Jusqu'en juin, la Direction générale des entreprises et l'association France e-sport organisent les assises de l'e-sport. Leur but : structurer cette discipline émergente. Parmi les thèmes abordés : la mixité. Seuls 5% des compétiteurs sont des femmes. L'association Women in Games œuvre pour les intégrer.

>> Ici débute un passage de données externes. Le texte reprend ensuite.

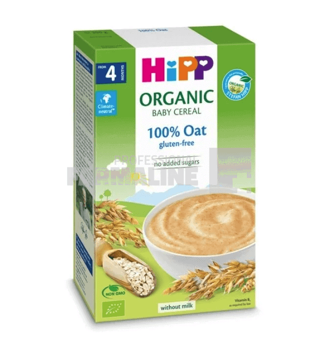 DescriereFoarte important! Laptele matern este cea mai bună hrană pentru copilul tău. Se recomandă alăptarea exclusivă cu lapte matern pentru sugarii cu vârsta de până la 6 luni.Cereale fără lapte în compoziție, în forma instant. Potrivite ca masă pentru copiii care au început diversificarea, în completarea alăptării sau hrănirii cu biberonul.Cereale valoroase, de calitate ecologică, ușor de digerat (conțin gluten)Cu vitamina B1 (conform legii) – sprijină sistemul nervosFără adaos de zaharuri – ingredientele conțin în mod natural zahărFără lapteFără arome, adaos de coloranți* și conservanți* / * conform legiiAmbalat în atmosferă protectoare.Compozitie100% făină de ovăz integral*, vitamina B1.*din producție ecologică (HR-EKO-07) (Agricultura UE/non-UE)Mod de administrareVă rugăm respectați instrucțiunile de preparare și de utilizare întocmai! Prepararea, depozitarea și utilizarea necorespunzătoare a produsului pot afecta sănătatea copilului dumneavoastră.ProducatorHippMod de prezentareCutie 200 g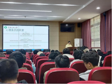 心理工作室王天雨同学解释了心理委员与寝室长的职责,强调了心理健康教育在校园文化建设中的重要地位,希望心理委员和寝室长们能够充分发挥自己的专长,关注同学们的心理健康,及时发现和解决同学们的心理问题,工作积极主动,和同学建立良好联系,尤其关注大一新生的适应性情况和大四考研就业学生的压力缓解。

Servane et Floriane de l'association Women in Games
Servane et Floriane de l'association Women in Games © Radio France / Inès Lombarteix

Des assises pour structurer l'e-sport se tiennent actuellement en France, jusqu'au mois de juin. Cette discipline émergente met en compétition des joueurs en ligne. Aucune raison de séparer filles et garçons pour jouer en équipe. Et pourtant, le sexisme est présent. Seuls 5% des compétiteurs sont des femmes.

"C'est pas parce que je suis une femme que je ne suis pas capable de déchirer sur le jeu"

Parmi les jeux d'e-sport les plus connus : Counter Strike, sorti en 1999. C'est avec ce jeu de tir en réseau que Servane investit l'e-sport. Elle intègre une équipe mixte formée par ses amis d'enfance. Elle a 15 ans quand elle commence les compétitions. 

Malgré la bienveillance de ses amis, les autres compétiteurs ont du mal à accepter sa présence, si bien qu'un organisateur lui interdit de participer à une compétition. Elle prend alors le poste de remplaçante et finit pas ne plus jouer dans des équipes mixtes. Elle intègre alors une équipe féminine, mais le niveau est trop faible. Ne pouvant vivre de sa passion à l'époque, elle raccroche sa carrière de gameuse professionnelle en 2008. 

Depuis 10 ans, Servane (à droite) a arrété les compétitions pour jouer seulement pour le plaisir. Avec Floriane, elles ont rejoint l'association Women in games.
Depuis 10 ans, Servane (à droite) a arrété les compétitions pour jouer seulement pour le plaisir. Avec Floriane, elles ont rejoint l'association Women in games. © Radio France / Inès Lombarteix

Aujourd'hui, Servane est juriste dans une entreprise de jeux vidéo et membre de l'association Women in Games qui défend, notamment, la place des femmes dans l'e-sport. Elle dénonce les violences verbales qu'elle a subies : "Se faire insulter en ligne, ça a pu beaucoup m'atteindre, j'ai craqué quelque fois. Tout le monde se fait insulter, par contre, nous les femmes, on se fait insulter très violemment avec des réflexions très sexistes et sexuelles." 

Pour mieux intégrer les joueuses dans l'e-sport, Women in Games a créé un incubateur de joueuses pour les entraîner et, à terme, les intégrer dans des équipes mixtes. "De voir qu'on parque les hommes d'un côté et les femmes de l'autre, c'est comme quand on faisait des écoles de filles et de garçons. Pourquoi ? Ce n'est pas parce que je suis une femme que je ne suis pas forte et que je ne suis pas capable de déchirer sur le jeu. Ça, c'est quelque chose qui se travaille dans l'inconscient et qui peut prendre du temps", explique Floriane, elle aussi membre de Women in Games. 

Aujourd'hui, aucune équipe mixte d'e-sport n'existe à haut niveau.